MST Week 1 (the Broken Arm)

Question 1

What are the 3 flexors of the arm (BBC)

Answer 1

1) biceps brachii
2) brachialis (greatest amount of flexion force)
3) coracobrachialis (flexes and adducts arm not forearm)

Question 2

What is the biceps brachii

Answer 2

Simple flexor when elbow is extended but more powerful when the elbow approaches 90
But with forearm in pronation: biceps is a very powerful supinator

Question 3

Boundaries and contents of the cubical fossa

Answer 3

Boundaries
Superiorly: imaginary line connecting the lateral and medial epicondyles
Medically: pronation teres
Laterally: brachioradials

Contents:
Terminal part of brachial artery, start of radial and ulnar arteries, median nerve, radial nerve (superficial and deep branches)

Question 4

Flexor muscles of the forearm

Answer 4

1st layer: pronator teres, flexor carpi radialis, palmaris longus, flexor carpi ulnaris

Intermediate layer: flexor digitorium superficialis

Deep (3rd) layer: flexor digitroum profundus, flexor pollicis longus, pronator quadratus

Question 5

Structures in the anterior arm

Answer 5

The 2 heads of biceps brachii mm and its distal attachment, the brachialis and coracobrachialis mm, motor and sensory parts of the musculocutaenous n, brachial a and its bifurcation

Question 6

What is compartment syndrome

Answer 6

Increased pressure within any fixed volume space can result in compartment syndrome

• intracompartmental pressure may exceed the capillary perfusion pressure of 25-30 mmHg - will result in temporary or permanent damage

Question 7

What is the Gleno-humeral joint

Answer 7

Spheroidal head of humerus articulates with pear shaped glenoid fossa of the scapula. This ball and socket joint has striking incongruency (head 4x>socket)

Question 8

Most common shoulder problems

Answer 8

Dislocation

Rotator cuff injury

Frozen shoulder

Fracture

Arthritis

Question 9

What happens in frozen shoulder / adhesive capsulitis

Answer 9

The normally very flexible elastic joint capsule becomes inflamed and eventually contracted.

Severely painful and restrictive

Question 10

Arteriovenous fistula for haemodialysis

Answer 10

Haemodialysis fistulas are surgically created communications between the native artery and vein in an upper extremity.

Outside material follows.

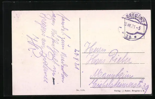 alte Ansichtskarte, gelaufen 1921, guter Zustand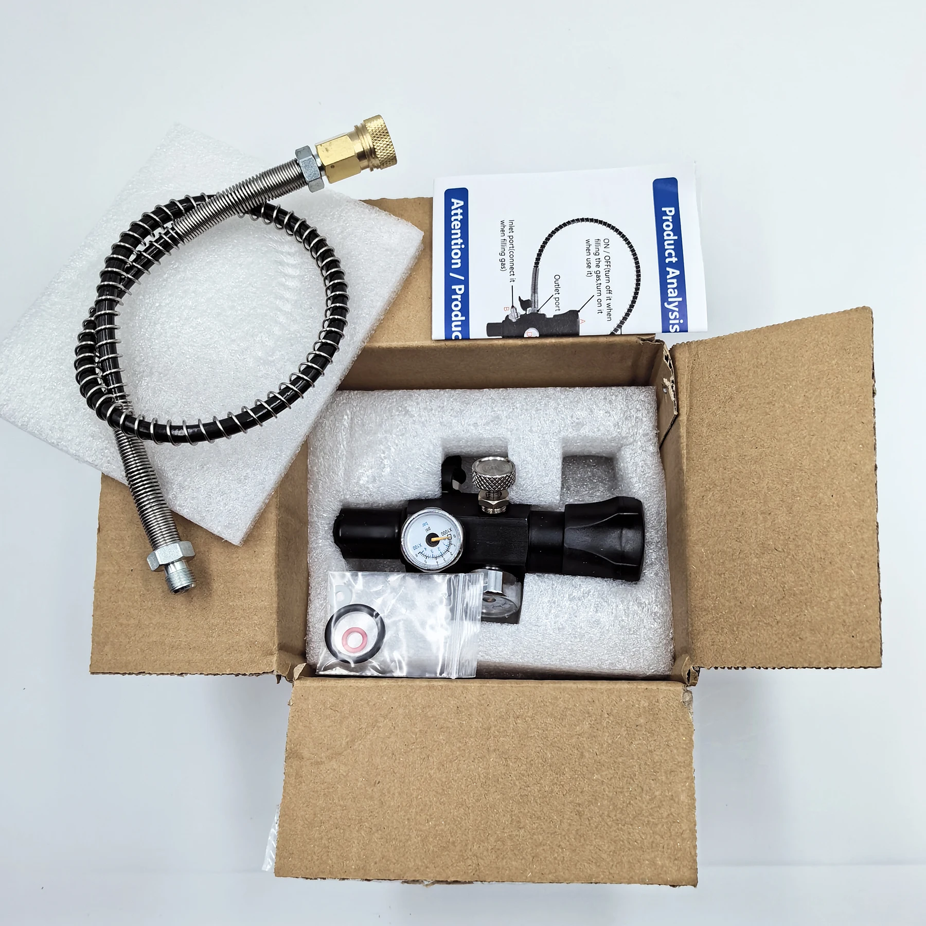 Tanque de aire comprimido HPA M18x1.5 o 5/8 "-18UNF 4500Psi/300Bar Válvula de carga Estación de llenado Manguera 20 pulgadas (50cm) con manómetro

The access that is created can be routinely used for haemodialysis 2-5 times per week

Question 11

Order of preference for arteriovenous fistula placement

Answer 11

1) radial - cephalic
2) brachiocephalic
3) braciobasic

Question 12

Common flexor-pronator attachment

Answer 12

• pronator teres (humeral head)
• flexor carpi radialis
• flexor carpi ulnaris (humeral head)
• palmaris longus
• flex digit superficialis (humeral head)

Question 13

Common extensor - supinator attachment

Answer 13

• anconeus
• supinator
• extensor digitorum
• extensor digiti minimi
• extensor carpi ulnaris
• extensor carpi radialis brevis

Question 14

What are muscles of the arm enclosed by

Answer 14

Circumferential fascia

Question 15

What is the elbow joint complex

Answer 15

Compound joint of 3 separate articulations within the same capsule

Humeroradial joint aka radiocapitellar joint (shallow ball and socket = hinge / pivot joint)

Humeroulnar joint (hinge)

Proximal radioulnar joint (pivot)

Question 16

What can go wrong with the elbow joint

Answer 16

Dislocation / fracture 
Osteoarthritis 
Epicondylitis 
Olecraon bursitis 
Distal biceps tendon rupture

Question 17

3 main mechanisms of injury to the elbow

Answer 17

Valgus forces

Posterior translocation

Posterolateral rotation

Question 18

What is carpal tunnel syndrome

Answer 18

Compression of the median nerve in the carpal tunnel (most common nerve compression syndrome overall)

Question 19

What is cartilage

Answer 19

Specialised connective tissue with a support function (often the shock absorbers of the body, can be tough or flexible depending on composition of matrix)

Cells: chondrocytes
Matrix: type II collagen and proteoglycans + others depending on type of cartilage
(Avascular)

Question 20

Describe cartilage cells

Answer 20

Derived from embryonic mesenchyme (spindle) - clusters of chondroblasts (rounded) surrounded by a layer of perichondrium (mesenchyme derived fibroelastic cells and collagen)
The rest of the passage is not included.